Anyone experimented with this or otherwise know the answer?


----------



## McBobs (Apr 26, 2007)

I dont ever cut pups until they are at least 1/2 the size of the mother plant. Usually, I wait even longer and cut them when the pup has sprouted roots off of the stolon. 

I just have so many bromeliads that are pupping at any given time that I have quite the selection of pups to choose from. 

-Matt


----------



## npaull (May 8, 2005)

Interesting. Well, you can certainly remove them *way* earlier than that with no detrimental effects to the bromeliad that I can tell. I generally remove them pretty young for use in other locations, unless I want them where they are growing.


----------



## dakotaaiken (Apr 5, 2010)

is the pup the red thing that comes out of the top?


----------



## McBobs (Apr 26, 2007)

dakotaaiken said:


> is the pup the red thing that comes out of the top?


A pup is an offset from the mother plant that produces a second bromeliad much like the mother. It is essentially a baby bromeliad. Most neos, at least what I referred to in my first post, will usually sprout pups off the base of the plant where the woody stolon is. 

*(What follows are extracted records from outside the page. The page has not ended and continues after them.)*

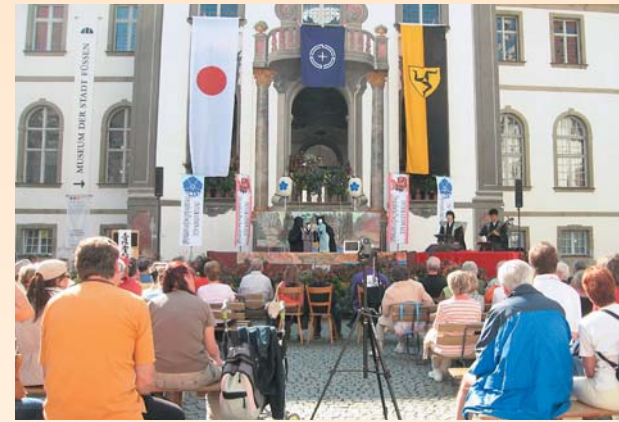
フュッセン市姉妹都市文化交流事業では、フュッセン市役所庁舎前広場で沼須人形芝居を上演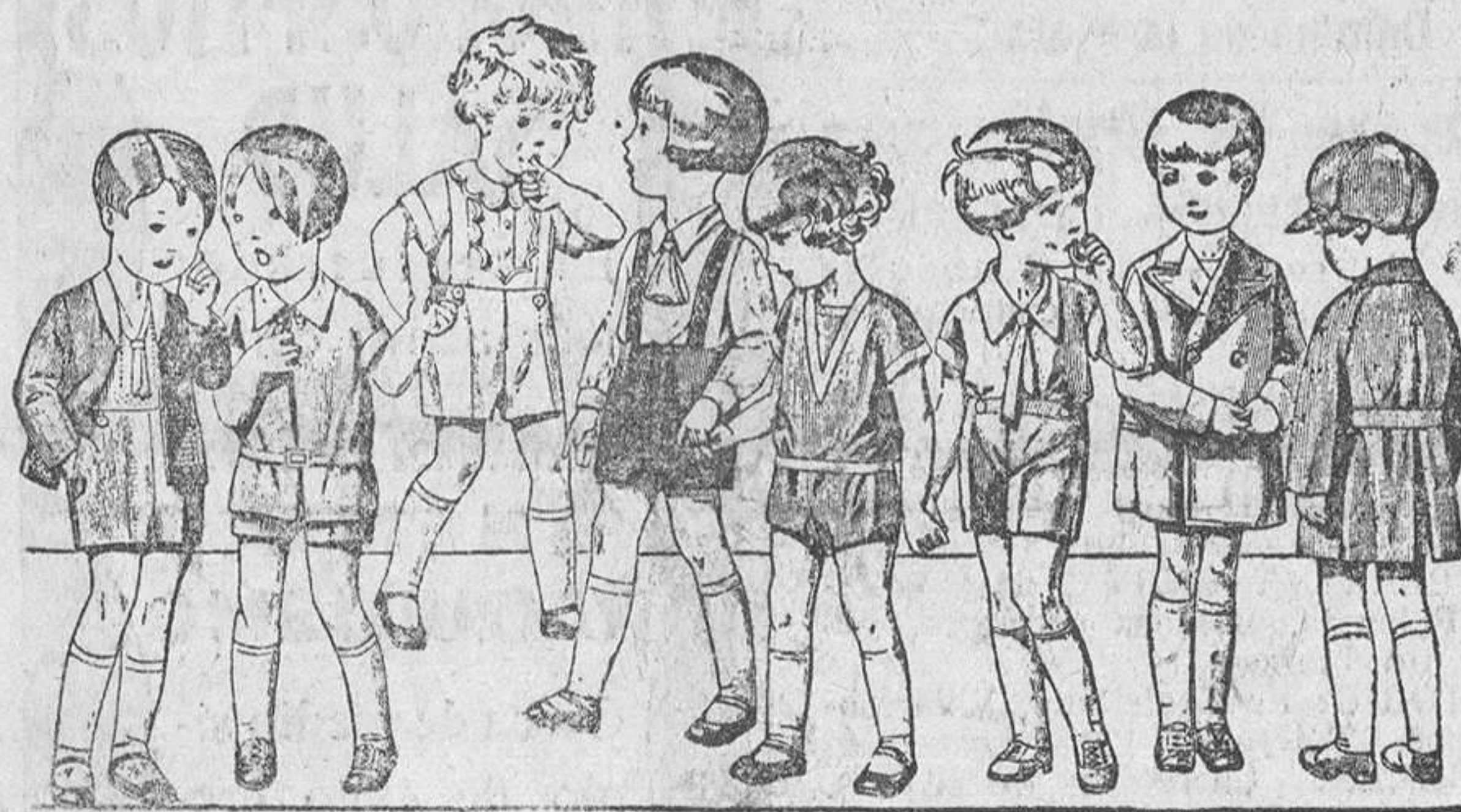
20 diferentes modelos de peleles y trajecitos para niños de 2 a 5 años, en terciopelo, dril, lana y otomán, a 3,50, 4, 5, 6, 8 y 10 pesetas.

PARA CABALLERO, SEÑORA, JOVENES Y NIÑOS SASTRERIA Y PANERIA T. LEFONO 603 R Establecimiento Oficial del Turing Club Español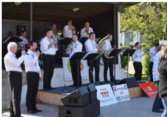
☐ DH Dubňanka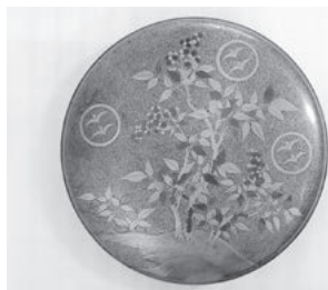
▲御紋付梨地蒔絵鏡箱（当館蔵）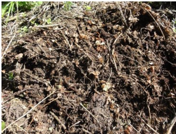
Slika 20: Vodilo iz jute se po nekaj mesecih po obiranju v kompostnem kupu popolnoma razgradi.

Višina plačila za izvajanje izbirne zahteve HML_BIOV znaša 158,10 eura/ha letno.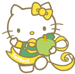
鳥取 ハローキティ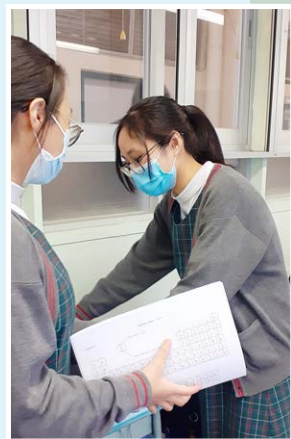
馮敏儀同學於課室內的日常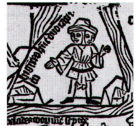
Abb. 1: Zweiköpfiger Mann mit erklärender Beischrift hi ge[n]t[el]s h[abe]nt duo capit . Ausschnitt aus dem Fragment einer Weltkarte (vgl. Abb. 2).

Der erhaltene Stock ist in erstaunlich gutem Zustand (Abb. 3). Nur an der oberen Kante finden sich grössere Ausbrüche, die das Druckbild beeinträchtigen. Die vielen kleinen, von Rissen im Holz herrührenden Unterbrechungen der gedruckten Linien sind hingegen nicht auf mechanische Einflüsse von aussen zurückzuführen. Diese Schwundrisse rühren von der Reaktion des Holzes auf wechselnde klimatische Bedingungen her. Nimmt man nur die Qualität des erhaltenen Stocks als Massstab, so wurde die Karte nicht bis zur völligen Abnutzung der Stöcke gedruckt. Allerdings lässt sich daraus nicht einfach ein mit der Zeit erfolgtes gesunkenes Interesse an der Abbildung ableiten, da ebenso andere Stöcke der Karte in stärkere Mitleidenschaft gezogen worden sein könnten.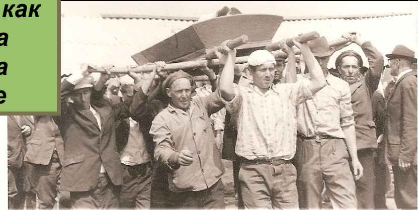
Рис.13. Носилки с покойным несут родственники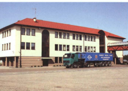
Terminal Odpraw Weterynaryjnych i Fitosanitarnych w Kobylanach

W 1990 roku na terenie gminy funkcjonowały następujące firmy: Dyrekcja Rejonów Przeladunkowych PKP w Małaszewiczach, Baza CPN w Małaszewiczach, C.Hartwig Spedycja oraz Gminna Spółdzielnia „SCh” w Terespole.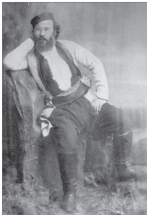
П. А. Ровински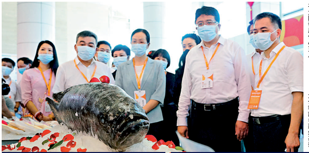
▲福建南安最近舉行兩岸農產品採購訂貨會。參會台農表示，大陸近年來持續推出惠台措施，讓台灣農民在大陸發展信心更足。

朱鳳蓮表示，事實充分證明，大陸始終是廣大台灣同胞、台資企業投資興業的最佳選擇。兩岸加強經貿合作，台灣經濟才能有更好發展，台灣同胞才能更多獲益受惠。民進黨當局一再干擾、阻礙兩岸經貿合作是不智的，也不行。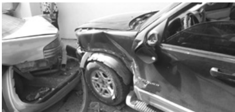
LA CAMIONETA quedó destruida tras el fuerte impacto.

La calle Canseco fue cerrada a la circulación mientras se efectuaba el peritaje correspondiente.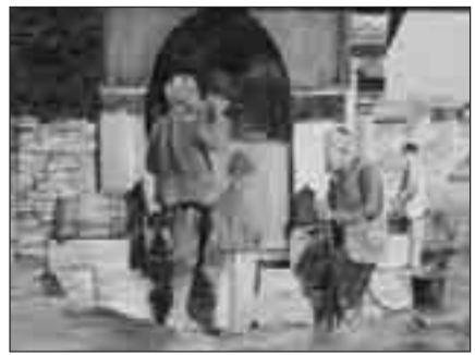
Σμύρνη. Στην Κρήνη.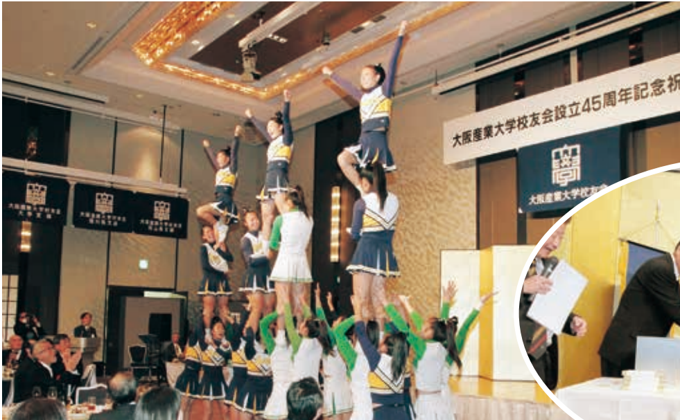
大学・附属高校合同チアリーディングチームの演舞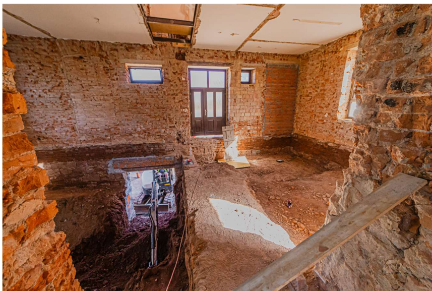
Zazdívání původních otvorů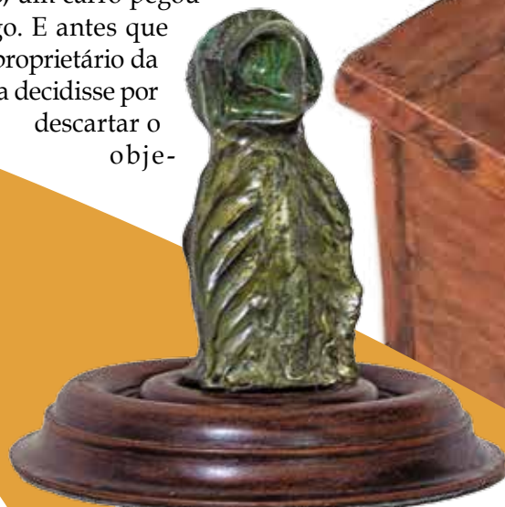
As obras de Romdias fazem alusão à indomabilidade da natureza e ficam disponíveis à visitação até julho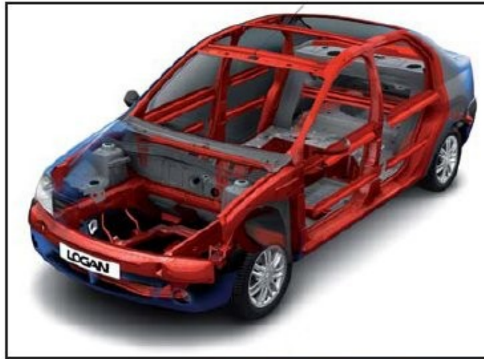
Chasis con zona de deformación programada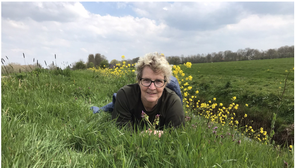
'nieuwe soort veldmuis ontdekt'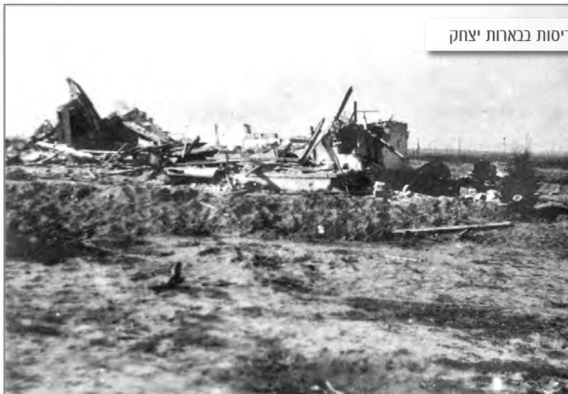
הריסות בבארות יצחק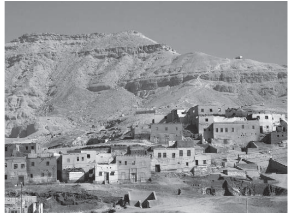
図4 墓地の上に並ぶクルナ村の住居

給が困難であるにも関わらず、古代の墓を住処とし、盗掘を行うようになった。こうした状況から、ヨーロッパのエジプト学者の中には先入観を持ってクルナ村の住民を盗賊だとみなしてきた研究者もいた。一方で、クルナ村はエジプト学の歴史と密接に関わっていたことも事実である。エジプト学の父と呼ばれる18世紀や19世紀のヨーロッパの研究者は村に居住し、村民たちと生活を営んでいた。たとえば、1798年から1799年のナポレオンのエジプト遠征に随行したヴィヴァン・ドノン 1 は古代の墓に住む村人とのやり取りについて記録している (Denon, 1803, vol. II: 86-97, 196-197; vol. III: 28-32, 47-88)。英国エジプト学の父とされるジョン・ガードナー・ウィルキンソン卿は、1821年から1833年までクルナ村で暮らしていた。彼の住んだ家にはその後も英国の研究者が滞在し、調査研究活動を続けていた。さらに村民は、外国の考古学者の発掘調査の主要な作業員として重用されてきた。例えば、有名なツタンカーメン王墓を発掘した英国の考古学者ハワード・カーターの発掘調査時の写真を見ると、多くの現地住民が発掘調査の作業員として働いている様子がわかる。発掘調査の作業員の多くは、古代の墓を住居として暮らしていた。ハワード・カーターがツタンカーメン王墓を発見する前の1899年に上エジプトの遺跡局長に任命された時、彼は、当時のエジプト考古局長官であったガストン・マスperoからテーベのネクロポリスの遺跡の保存状態を報告するように命じられ、クルナ村にある古代の墓を盗掘から護るために墓の入口に木製あるいは鉄製の扉の設置を推進した (van der Spek 2011:150)。さらにカーターの後継者であったアーサー・ウェイゴールは、遺跡の保護のために壁画の描かれた岩窟墓に住む住人を移住させた。さらに、次に上エジプトの遺跡局長となったエンゲルバッハは、1912年の遺跡保護法により、古代の墓は政府に帰属するものであり、墓に住む村民を「不法居住者」とみなしている (van der Spek 2011:152)。しかし、2度の世界大戦中は、クルナ村を監視するエジプト考古局の査察官が存在せず、外国の考古学者による発掘調査も継続されなかったことから、古代の墓

Npaull... The only reason I wait so long on my bromeliads is because I have a plethora of bromeliads and dont know what to do with them all right now. 

-Matt


----------



## Deli (Jun 24, 2008)

McBobs said:


> Npaull... The only reason I wait so long on my bromeliads is because I have a plethora of bromeliads and dont know what to do with them all right now.
> 
> -Matt


I'll take some off your hands, Give a few to me =D


----------



## Derek Benson (Feb 19, 2004)

I too am curious about this. I have a large pup in one of my bigger tanks and it is currently pressed against the top, but not sure if I can remove it yet.

Also I have noticed with the more round/big/etc bromeliads, the pups always come out stringy because they are trying to get around the mother plant. Maybe removing them early will make them get the round shape since they don't have to bend around another plant for light?

Matt, you know where to send those broms if you get too many...


----------



## McBobs (Apr 26, 2007)

Derek Benson said:


> Matt, you know where to send those broms if you get too many...


Haha. I already promised you one of the big red pups I have. I was looking at it again today, and there is now 4 pups growing off the mother plant at the same time. Kinda wicked looking. Literally everything I have is pupping currently. I even have a bromeliad that only has 2 leaves on it that is still pupping. 

The main thing I would be worried about removing pups too early is their ability to produce roots at a very young age. I dont know though...

Hey Antone...What do you think about all this?

-Matt


----------



## eldalote2 (Jun 3, 2009)

All my broms are pupping now as well. Can they recognize a season even while in the viv or was it just coincidence?


----------



## edwing206 (Apr 9, 2008)

I am by no means an expert but I do a lot of reading. What I have seen most commonly is people remove the pup when it's 1/3-1/2 the size of the mother plant. I cut them off a little earlier if I want to put them somewhere else or if they are not getting enough light(I guess one could argue that they don't need as much light because they are still attached to the mother plant. I really don't know.)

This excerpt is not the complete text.